Al fin, mirando todavía por la ventana, dijo:
– No recuerdo haber estado en El Encanto Heights…, sin embargo, cada vez que oigo ese nombre el estómago se me revuelve, ya sabéis, como si descendiera por la montaña rusa. Y cuando intento pensar en El Encanto, esforzarme por recordarlo, el corazón se me acelera, la boca se me seca y me cuesta un poco más respirar. Así, pues, creo que me esfuerzo por reprimir cualquier recuerdo que tenga de ese lugar, tal vez porque algo me ha sucedido allí, algo malo…, algo que me asusta demasiado recordar.
– Su permiso de conducir caducó hace siete años, -dijo Bobby-, y según el registro del DMV, no hizo nada para renovarlo. De hecho, este mismo año se le excluirá incluso de los archivos muertos, por tanto hemos tenido suerte de encontrar esto antes de que le borren del mapa. -Diciendo esto, puso otros dos impresos sobre la mesa-. ¡Largaos, Holmes y Sam Spade!
– ¿De qué tratan éstos?
– Partes de arrestos. Frank fue detenido por infracción de tráfico una vez en San Francisco, hace poco más de seis años. La segunda vez fue en la autopista 101, al norte de Ventura, hace cinco años. Y como no llevaba permiso de conducción válido en ninguna de esas ocasiones, y por añadidura su conducta era sospechosa, se le puso bajo arresto.
Las fotografías que formaban parte de los informes sobre ambos arrestos mostraban a un hombre más joven y también más rechoncho, que era sin duda su cliente del momento.
Bobby apartó el dinero de la mesa y tomó asiento en el borde.
– En ambas ocasiones nuestro hombre escapó de la cárcel, y por eso se le busca todavía después de tantos años aunque, probablemente, no con demasiado ahínco pues no fue arrestado por un delito mayor.
– También estoy en blanco al respecto -dijo Frank.
– Ninguno de esos informes explica cómo escapó -añadió Bobby-, pero sospecho que no se abrió paso entre los barrotes, ni excavó un túnel, ni confeccionó una pistola con una pastilla de jabón, ni utilizó ninguno de los métodos tradicionales para una evasión. ¡Oh, no, no nuestro Frank!
– Se «teletransportó» -sugirió Hal-. Se desvaneció cuando nadie le miraba.
– Apostaría cualquier cosa por eso -convino Bobby-. Y después, empezó a llevar carnets de identidad falsos lo bastante buenos para satisfacer a cualquier poli que le diera el alto.
Examinando los papeles que tenía delante, Julie dijo:
– Bien, Frank, ya sabemos por lo menos que éste es tu verdadero nombre, y hemos localizado unas señas auténticas para ti en el Condado de Santa Bárbara, no más habitaciones de motel. Estamos empezando a hacer camino.
Bobby dijo:
– ¡Largaos, Holmes, Spade y también miss Marple!

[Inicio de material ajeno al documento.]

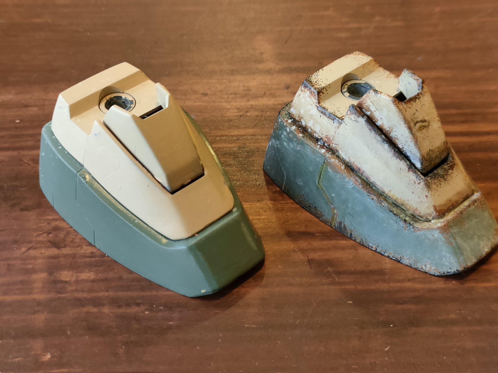 過去に本で拝見した、らいだーJoeさんのウェザリング方法をマネしてます。私がやるとトーンが沈みすぎるで、ウェザリング後に一回リフトしています。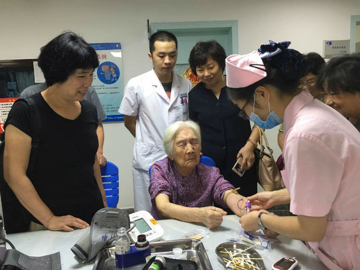 護(hù)士給葉奶奶做術(shù)前檢查,抽血、滴眼液、量身高、體重、測血壓等。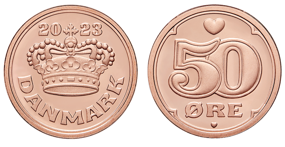 Moneta o nominale 50 øre zachowała swój obecny wygląd, ponieważ nie zawiera żadnych symboli odnoszących się do obecnego monarchy.

Incapaz de compartir su optimismo, Frank volvió a la butaca en donde se había sentado antes.
– Camino. Pero no el suficiente. Ni lo bastante aprisa. -Se inclinó hacia delante con los brazos sobre los muslos, las manos entrelazadas entre las rodillas abiertas, y miró abatido el suelo-. Se me acaba de ocurrir algo muy desagradable. ¿Qué pasará si no cometo sólo errores con mi ropa cuando me reconstituyo? ¿Qué pasará si empiezo a cometer errores con mi propia biología? Nada importante. Nada visible. Pero quizá centenares o millares de errores insignificantes en el plano celular. Ello explicaría por qué me siento tan mal, tan fatigado, tan dolorido. Y si mi tejido cerebral no se rehiciera como es debido…, eso explicaría también por qué estoy tan confuso, tan aturdido, incapaz de leer o sumar.

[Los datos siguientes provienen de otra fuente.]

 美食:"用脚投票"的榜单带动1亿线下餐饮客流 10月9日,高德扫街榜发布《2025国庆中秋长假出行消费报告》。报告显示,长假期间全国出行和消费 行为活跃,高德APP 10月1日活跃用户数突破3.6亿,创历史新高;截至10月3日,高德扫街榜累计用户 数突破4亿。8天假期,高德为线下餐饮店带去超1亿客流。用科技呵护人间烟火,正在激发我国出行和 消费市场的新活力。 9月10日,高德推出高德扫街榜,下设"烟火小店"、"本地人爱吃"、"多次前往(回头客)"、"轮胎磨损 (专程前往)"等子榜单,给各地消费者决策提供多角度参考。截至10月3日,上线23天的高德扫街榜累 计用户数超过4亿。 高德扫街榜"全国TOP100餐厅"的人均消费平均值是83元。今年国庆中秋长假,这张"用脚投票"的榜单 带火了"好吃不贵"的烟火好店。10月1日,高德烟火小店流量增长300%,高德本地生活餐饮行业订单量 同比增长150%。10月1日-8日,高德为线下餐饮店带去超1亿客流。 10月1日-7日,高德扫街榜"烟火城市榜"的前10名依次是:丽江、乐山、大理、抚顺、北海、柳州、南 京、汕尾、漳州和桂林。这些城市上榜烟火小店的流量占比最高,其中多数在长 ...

Julie miró a Hal, a Bobby y comprendió que los dos intentaban tranquilizar a Frank pero no podían hacerlo porque el escenario que había descrito no era sólo posible sino también probable.
Frank dijo:
– La hebilla metálica parecía perfectamente normal hasta que Bobby la tocó… Entonces se convirtió en polvo.